My friend Esiquio Narro

    An advantage of living in a big city is the large number of potential friends. Good friends are dear. I would like to introduce you to one of mine. Esiquio Narro and I first spoke in August 1979 at the arboretum. Esiquio was there, and gently scolded me, my sister and her friend Hanna for picking apples to make pies. Later on Esiquio and I became friends. He has been retired since 1976, but has kept active volunteering to raise plants, do grafting, teach classes about gardening and pruning, offer advice, tell stories, and show people his remarkable garden. At its prime his garden was home to more different kinds of plants in a small amount of space than any other place known to me. It was like a garden of Eden, luxuriant with flowers, fruit and trees.

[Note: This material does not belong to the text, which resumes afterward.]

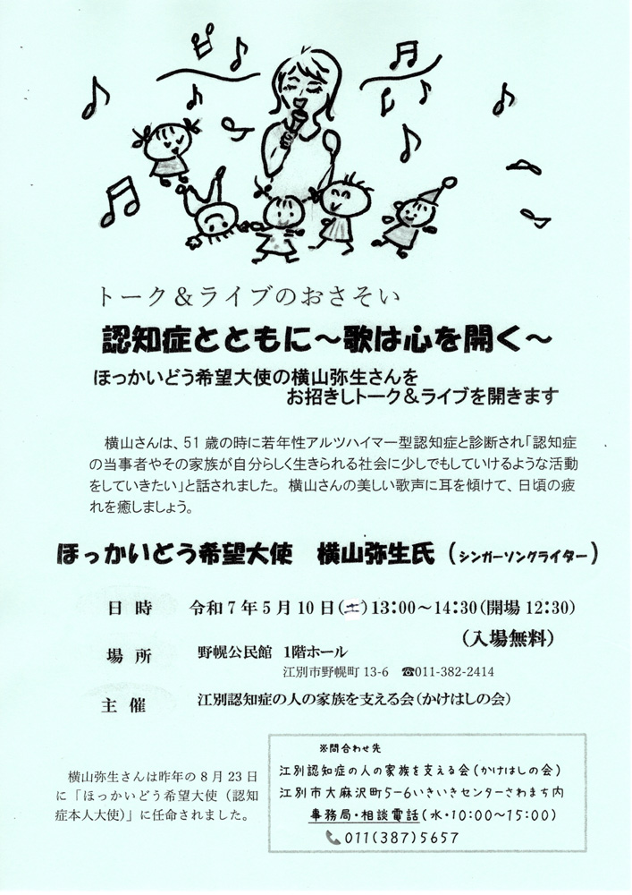 ほっかいどう希望大使の横山弥生さんをお招きし、トーク&ライブを開きます。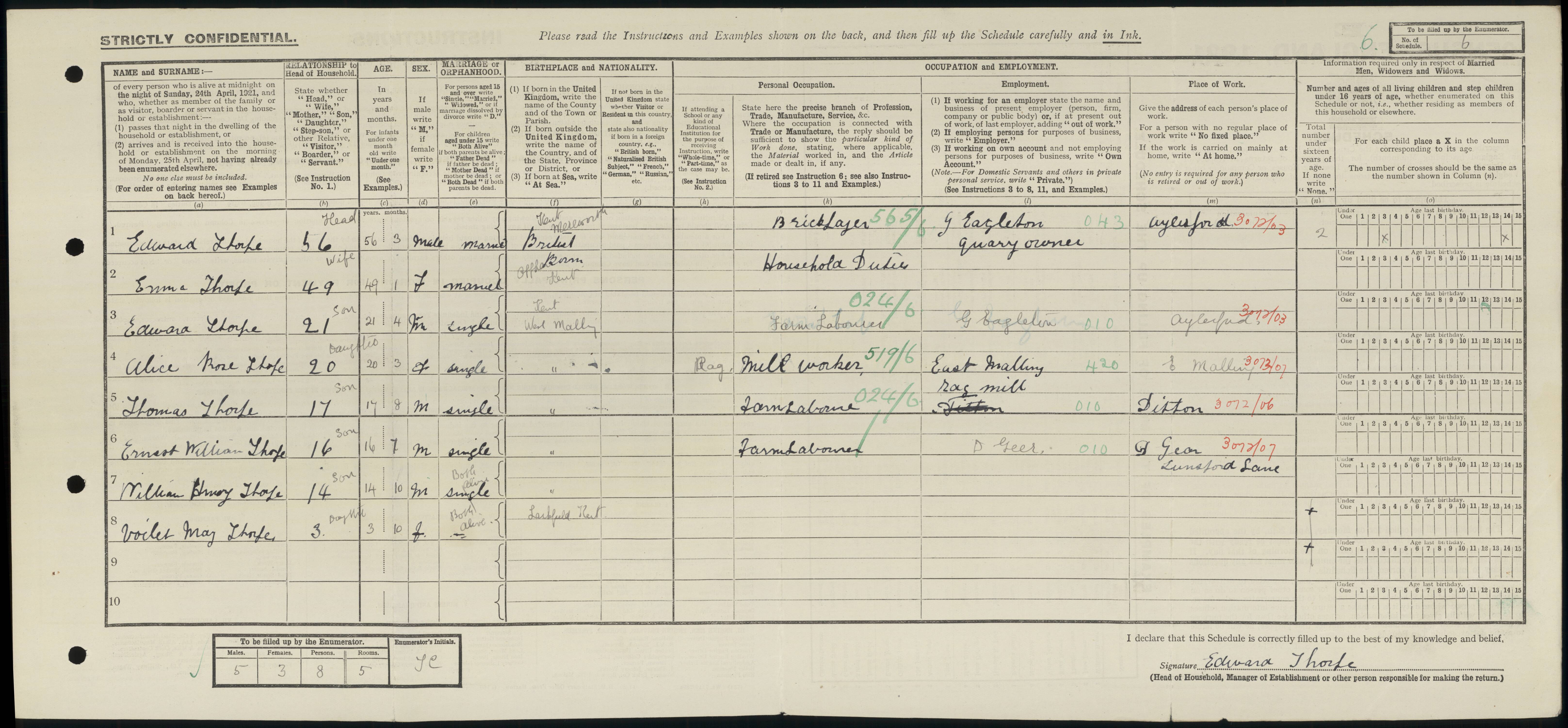 • Occupation: Retired Bricklayer, 1939, Malling R.D., Kent, England.

    Esiquio is not only a superb gardener and master storyteller, he is a wise and generous man. Until this year I didn't know he was also a prolific writer. This winter he loaned me one of his three dozen journal volumes, and it just happened to be the August-September 1979 one. Here is one of Esiquio's entries, written on his 65th birthday. I hope you like it as much as I did.
    "Tomorrow may never come. Nevertheless I'll plant a garden. There will be string beans, tomatoes, and lettuce. Some peas, a bit of sqush, a few carrots, onions, and radishes. Plus a few flowers for color to brighten the summer.
    I will care for the apples, pears, plums, figs, grapes, raspberries and strawberries, even though tomorrow may never come. We have enjoyed wonderful fruit in the past. Either we or others will enjoy it next year. Some will be preserved for later use.
    We will set aside money for the grandchildren's education, and keep up our health insurance. We look forward to a bright future for our children, and for ourselves, even though some say tomorrow may never come.
    We are not young anymore. In fact, for sixty five years the tomorrows that might never come have been arriving on time. Most have been good and many were bright, sunny days. Fruitful days, days of flowering, of friends, of loving and laughing and caring.
    So no matter what they say I will continue to look forward to tomorrow, for me and my children and their children, and for my country and the world. It's a good bet, because already 23,725 tomorrows have come and gone, and nearly all of them were very good."

(originally written for, but not published in, The Seattle Weekly, April 1997. Esiquio died April 16, 1999 at age 85.)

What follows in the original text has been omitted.